One paper even had very poor English, reading quite awkwardly, which genuinely surprised me. It reminded me of a phrase I’ve been hearing frequently:
The future is here, it’s just unevenly distributed
Because nowadays, anyone who can use any large language model tool shouldn’t have English as a barrier. ChatGPT has reached 1.8 billion monthly active users—that’s one in four of the 7 billion people on Earth. In China, I imagine the proportion is similar. In other words, in most knowledge work fields, if you’re not using or haven’t mastered AI tools by now, you’re unlikely to be among the top performers. Moreover, the top performers can leverage AI to widen the gap with others even further than before. So it’s not just academia—across all fields in this AI wave, mid- and lower-tier talent face pressure. When human capabilities fall short of AI, questions about the meaning of life become unavoidable.
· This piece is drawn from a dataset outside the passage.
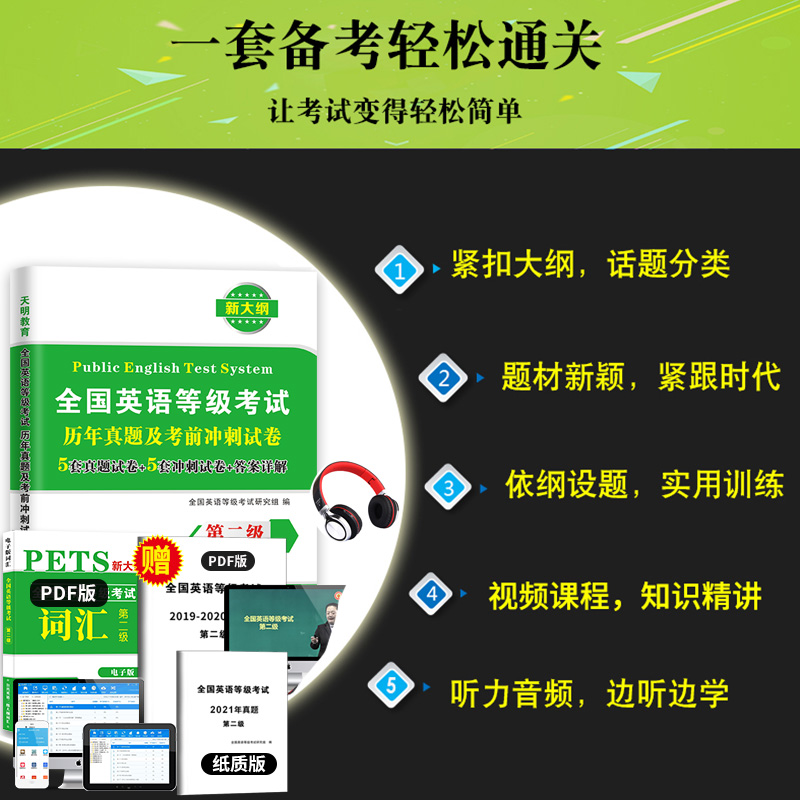 天明正版 考前冲刺试卷PETS2全国英语等级考试历年真题及考前冲刺试卷第二级公共英语二级 2022年全国英语等级考试二级历年真题试卷

At this point, I did some “vibe coding” and plotted my daily AI interaction intensity for 2025, averaging about 15 questions per day. Excluding January and May, which were particularly unusual months, the number would be even higher. This only counts my ChatGPT conversations, not including Copilot programming. If I were to rank ChatGPT alongside my family and friends by communication frequency, it would undoubtedly rank in the top 1%.
The AI era brings truly dramatic changes. While I’ve been somewhat negative here, AI also has tremendous positive impacts. Regardless, I hope humanity can coexist well with AI, and that tomorrow will be better than today.